Division of Pathology, Kanagawa Children's Medical Center, Yokohama City, Kanagawa, Japan.
Hum Pathol. 2010 Oct;41(10):1495-9. doi: 10.1016/j.humpath.2010.03.008. Epub 2010 Jul 24.
We report a case of anaplastic sarcoma of the kidney (ASK) with cytogenetic findings. A 12-year-old Japanese girl presented with buttock pain and urinary incontinence. Radiological investigations revealed a right renal tumor with multiple distant metastases and multicystic thyroid tumor. She underwent radical right nephrectomy and subsequently received chemotherapy and radiation therapy. Histologically, the renal tumor demonstrated admixture of various types of mesenchymal elements: cellular spindle cells with anaplastic features, cartilage, and rhabdomyoblastic cells consistent with ASK. Chromosomal analysis revealed the karyotype of the tumor cells to be 46, XX, +8, -10, der (18) t (10; 18) (q21; p11.2). The thyroid tumor was removed later and diagnosed as adenomatous goiter. To our knowledge, this is the first case of ASK with chromosomal abnormality and may provide new insight into the molecular biologic basis of this rare renal tumor.

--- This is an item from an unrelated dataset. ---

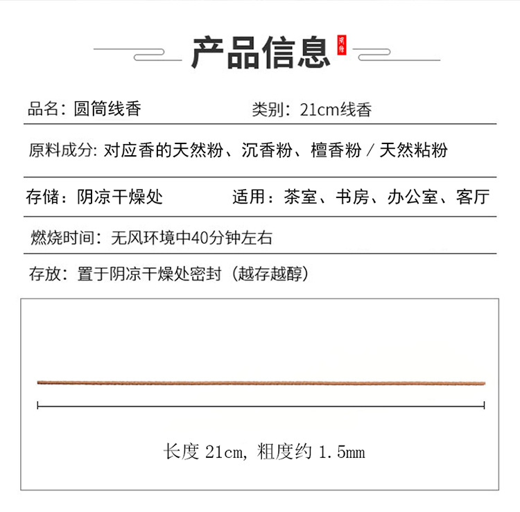 圆筒装200克天然老山檀香沉香细香艾草线香室内 除味供佛用品香薰

我们报告一例伴有细胞遗传学发现的肾间叶性横纹肌肉瘤(ASK)病例。一名 12 岁日本女孩因臀部疼痛和尿失禁就诊。影像学检查显示右肾肿瘤伴多处远处转移和多房性甲状腺肿瘤。她接受了根治性右肾切除术,随后接受了化疗和放疗。组织学上,肾肿瘤显示出多种间充质成分的混合:具有间变特征的细胞性梭形细胞、软骨和横纹肌样细胞,符合 ASK。染色体分析显示肿瘤细胞的核型为 46,XX,+8,-10,der(18)t(10;18)(q21;p11.2)。甲状腺肿瘤后来被切除并诊断为腺瘤性甲状腺肿。据我们所知,这是首例伴有染色体异常的 ASK,可能为这种罕见肾肿瘤的分子生物学基础提供新的见解。